When I suggested to Lenore that, perhaps, it was the devilish glint in my eye, she just laughed and said that I had the doleful, drooping eyes of an ancient bloodhound that’d just been beaten with a newspaper for pooping on the rug. She elaborated: a faded Persian rug, she said.

Strange analogy.

“Why does it have to be faded?”

“Because that makes you all the more pathetic,” she said. “A threadbare old rug is prized more highly than you are, you see. You are tolerated, but only on the condition that, even in your sad, belly-dragging dotage, you don’t disgrace yourself on some tattered old bit of rag. If you do, then it’s smack! [and here she actually biffed me on the nose], and: What’re you any good for anyway, Fudge?! And: Next time, it’s off to see Dr. Baylis for the needle, and your remains to the four winds! …Heavens, the pong!

I shook my head.

… It occurs to me, though, that this is not the first time I’ve been, at least, compared to the Devil. But as I recall, there was some cause for this then. Long, long ago, when the hair in my armpits was a bizarrely entitling novelty, and I had legs like long pallid lengths of rope with a single huge knot in their middles, I got myself into a bit of trouble with the sports master of my old school. (Teachers were called masters then, if you went, as I did, to a Canadian private school—where you were guaranteed either the very best, or the very worst of educations, depending (as a rule) on whether your school chaplain was an east or west facing priest. Ours was east—so you understand.*) Our class was taken to a private club nearby that had squash courts. We, obviously, were expected to play squash there. But rather than do so, me and a threesome of fellows (one of whom, I might add, is now a crown attorney of no small reputation) thought it would be more fun to tie shut with our sweatshirts the various doors of the other courts in use, stand inconspicuously in the observation balconies overlooking them, and poor glasses of water over our classmates’ heads when they tried, in vain, to leave.

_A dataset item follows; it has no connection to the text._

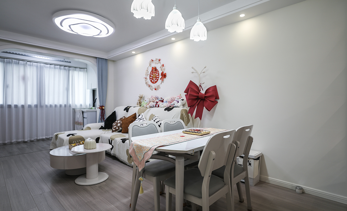 該居室是作為婚房居住,男女主人都是公司白領(lǐng),父母已退休,在該小區(qū)周圍另有住處,平時(shí)居家兩人,所以該套房子裝修體現(xiàn)簡潔、干凈,體現(xiàn)簡約風(fēng)格的舒適之美。講究功能第一,花里胡哨的裝飾物可以拋開不要。該套是二室一廳一衛(wèi),主臥主人住,次臥備用1間。整體墻面做乳膠漆調(diào)色暖白,電視背景墻放電視及隱藏式電動(dòng)投影幕布,可以享受家庭影院般的體驗(yàn),餐桌邊放餐邊柜,增加收納空間,男主人喜歡的手辦也可放玻璃柜展示,營造了一種大氣清爽、簡約而不簡單的氛圍,凸現(xiàn)了主人干凈清爽的性格。

I seem to remember being flinged out the doors of the place; informed that I was single-handedly responsible for destroying the school’s relationship with the club**. The master in question—Mr. Sparks, reputedly of the old Ottawa Sparkses—then leveled a long glare at me, and told me that there wasn’t a doubt in his mind that I had broken from Lucifer’s own loins.

Harsh stuff. And, I hasten to add, richly deserved. I can’t say that I’ve entirely mended my ways, but I’m always impeccably behaved on squash courts now—often deferring a win to some wet oaf who could no sooner hit his own head with his racket than the ball.

My Pentecostal friend had quitted his post by the time we returned from our walk … I imagine a motley crew of Carmelite sisters bullying him with rosaries like bicycle chains until he made good his escape.



*A totally apocryphal piece of pretentiousness, I’ve since discovered. I’ve met only one one-time east-facing priest, and I’ve a strong suspicion that he did so because he was drunk at the time; and keen to disguise a black eye he’d got that afternoon in a fistfight.

**Snooteigh's, we called it.For excrement living on increment.